A Wee Murder in My Shop
A Scotshop Mystery #1
By Fran Stewart
Author’s Website: franstewart.com
Brought to you by OBS reviewer Daniele
Hamelin, Vermont, isn’t the most likely place for bagpipes and tartan, but at Peggy Winn’s ScotShop, business is booming…
While on a transatlantic hunt for some authentic wares to sell at her shop, Peggy is looking to forget her troubles by digging through the hidden treasures of the Scottish Highlands. With so many enchanting items on sale, Peggy can’t resist buying a beautiful old tartan shawl. But once she wraps it around her shoulders, she discovers that her purchase comes with a hidden fee: the specter of a fourteenth-century Scotsman.
Unsure if her Highland fling was real or a product of an overactive imagination, Peggy returns home to Vermont—only to find the dead body of her ex-boyfriend on the floor of her shop. When the police chief arrests Peggy’s cousin based on some incriminating evidence, Peggy decides to ask her haunting Scottish companion to help figure out who really committed the crime—before anyone else gets kilt… (Goodreads)
A Wee Murder in My Shop opens with Peggy discovering her boyfriend (almost fiancé) Mason in a compromising position with her best friend Andrea. Though upset about her breakup, she continues with her planned buying trip to Scotland to procure items to sell in her shop. While shopping, she discovers a shawl that she just has to have for herself. The following day, while on a hike with the proprietors of the B&B where she always stays while in town, she dons the shawl and is approached by a somewhat transparent Scotsman that only she can see. Macbeath, whom she quickly rechristens Dirk because she does not like his name, is from the fourteenth century and seems to be attached to the shawl that his wife wove. She attempts to “release” him but finds he has “followed” her home to Vermont. When she returns to her shop, she finds a mess from a heavy bookcase toppling over. She calls in her staff, which includes her cousins Shoe and Sam and Gilda, and they discover Mason’s body beneath the case, bludgeoned with Shoe’s baseball bat and crushed by the case. Feeling there is no way that the case could have fallen over on its own, she, her staff, and Captain Harper, the detective assigned to the case, soon find that there is a safe hidden behind the wall where the case stood and work to first open the safe and then find those responsible for Mason’s death. In the meantime, Shoe is arrested because he owned the murder weapon.

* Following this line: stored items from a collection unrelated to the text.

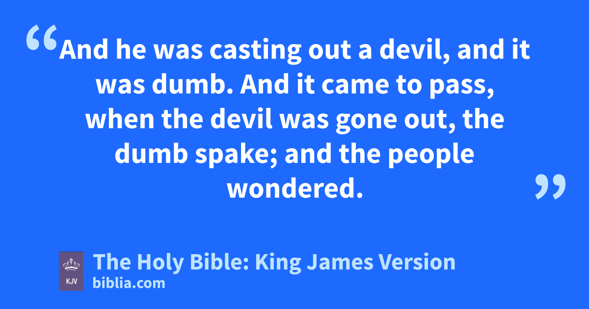 14 And he was casting out a devil, and it was dumb. And it came to pass, when the devil was gone out, the dumb spake; and the people wondered. 15 But some of them said, He casteth out devils through Beelzebubd the chief of the devils. 16 And others, tempting him, sought of him a sign from heaven. 17 But he, knowing their thoughts, said unto them, Every kingdom divided against itself is brought to desolation; and a house divided against a house falleth. 18 If Satan also be divided against himself, how shall his kingdom stand? because ye say that I cast out devils through Beelzebub. 19 And if I by Beelzebub cast out devils, by whom do your sons cast them out? therefore shall they be your judges. 20 But if I with the finger of God cast out devils, no doubt the kingdom of God is come upon you. 21 When a strong man armed keepeth his palace, his goods are in peace: 22 But when a stronger than he shall come upon him, and overcome him, he taketh from him all his armour wherein he trusted, and divideth his spoils. 23 He that is not with me is against me: and he that gathereth not with me scattereth. 24 When the unclean spirit is gone out of a man, he walketh through dry places, seeking rest; and finding none, he saith, I will return unto my house whence I came out. 25 And when he cometh, he findeth it swept and garnished. 26 Then goeth he, and taketh to him seven other spirits more wicked than himself; and they enter in, and dwell there: and the last state of that man is worse than the first.
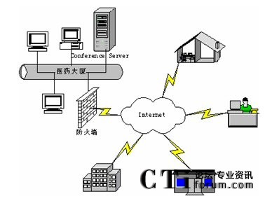 視頻會議服務器設置在上?偛,通過電信的6M帶寬接入互聯(lián)網(wǎng),并配備有廣域網(wǎng)靜態(tài)IP地址。下屬生產基地和分支機構通過電信ADSL接入和光纖接入等方式接入互聯(lián)網(wǎng)。這些點能夠實現(xiàn)網(wǎng)絡視頻會議通訊,進行音頻、視頻和數(shù)據(jù)的多方溝通。
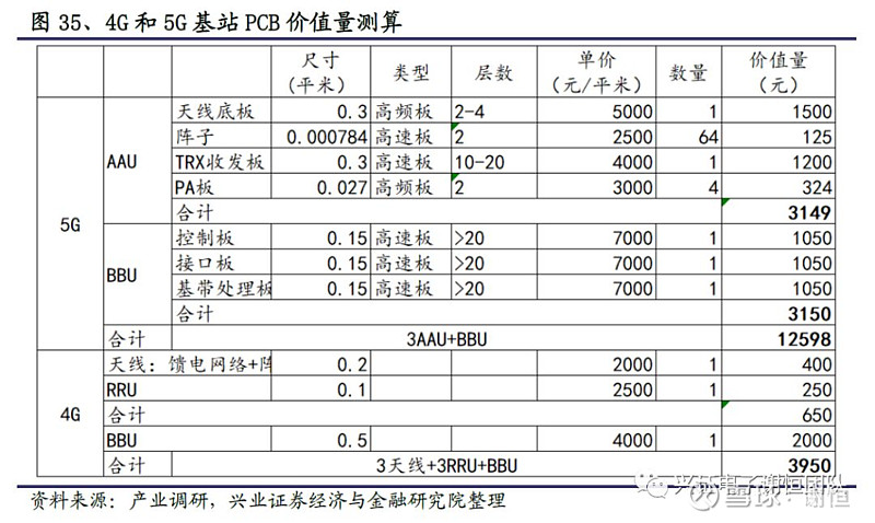 根据我们测算5G基站一副AAU价值量在3000元以上,一个BBU价值量3000元以上,单站3副AAU、一个BBU合计价值量1.26万元,4G基站单站价值量4000元左右,5G基站PCB价值量超过4G的3倍。
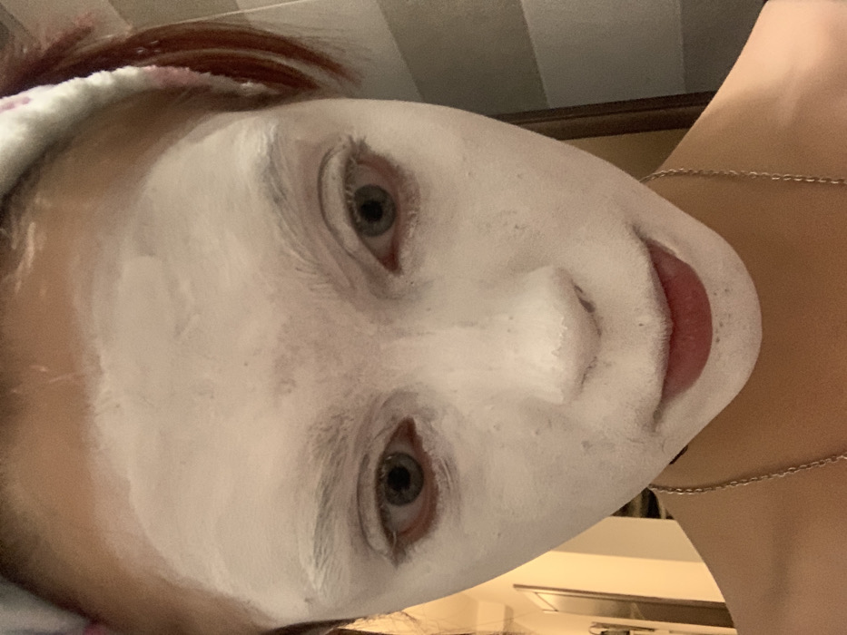A close-up, eye-level image depicts a person's face indoors. The individual's face is largely covered by a thick, white, opaque substance, consistent with a facial mask, extending from the hairline to the lower jaw, obscuring most skin features and the eyebrows. The eyes are open, with blue-gray irises looking directly forward, and the lower sclera exhibit a reddish tint. The lips are visible, colored dark reddish-maroon, and slightly parted. Reddish-brown hair is pulled back from the forehead by a light-colored, possibly patterned, headband. A thin, silver-colored chain necklace is visible against the person's bare, tan-toned neck and upper chest. The immediate background on the left reveals a light-colored wall with a darker, rectangular object, possibly a mirror or framed item, and on the right, a dark vertical element, such as a door frame. The environment appears to be an indoor room with artificial lighting. The specific location in the city of Budva, Montenegro, cannot be forensically determined from the visual information within the image.
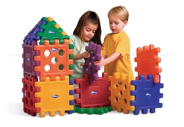 Child-sized blocks encourage imaginative play and gross motor skill development

I really wanted to like this fist book in the series, but I came away from it scratching my head a bit. The premise was intriguing, and I looked forward to reading the ghost’s escapades. However, he did not really do much other than ask Peggy questions about what modern things were and follow her around. I found the passages about Peggy having to ignore Dirk because other people were around to be repetitive and eventually uninteresting. I totally get that Dirk is a fish out of water in the twenty-first century, and the situation should have provided plenty of chuckles, but it failed to deliver. I also found it odd that Peggy did not want to call him by his given name (there were several options to choose from), and he did not complain about being called Dirk. This just seemed silly and unnecessary. I expected more involvement in investigating and resolving the mystery but did not feel he did much. There is so much potential where Dirk is concerned.

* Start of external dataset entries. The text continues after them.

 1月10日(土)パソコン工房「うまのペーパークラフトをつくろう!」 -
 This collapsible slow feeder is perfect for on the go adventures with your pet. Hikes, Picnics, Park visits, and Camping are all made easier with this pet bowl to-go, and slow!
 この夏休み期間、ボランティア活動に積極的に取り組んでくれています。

There were many unanswered questions that I can only hope will be resolved in the next book in the series. Most of them had to do with Gilda – why did she act the way she did? Was she really suffering from migraines? As someone who has migraines, I found Peggy’s attitude about Gilda’s migraine “excuse” somewhat offensive. Again, I can only suppose that this was laying the foundation for the next book. Peggy’s reaction to Mason’s death was much too ambivalent for someone who was supposed to be in such a serious relationship with the deceased. I liked Harper and Drew’s characters quite a bit and hope to see a lot of them in the future. However, I did not really understand why Chief Mac was so obnoxious or why everyone put up with his behavior. The story dragged a bit and was repetitive in the middle, but then the ending and explanation of the crime felt glossed over.
I will definitely give the next book in the Scotshop series a try in hopes that the author irons out some things. I recommend A Wee Murder in My Shop with some reservations to fans of paranormal cozy mysteries and those who love all things Scottish.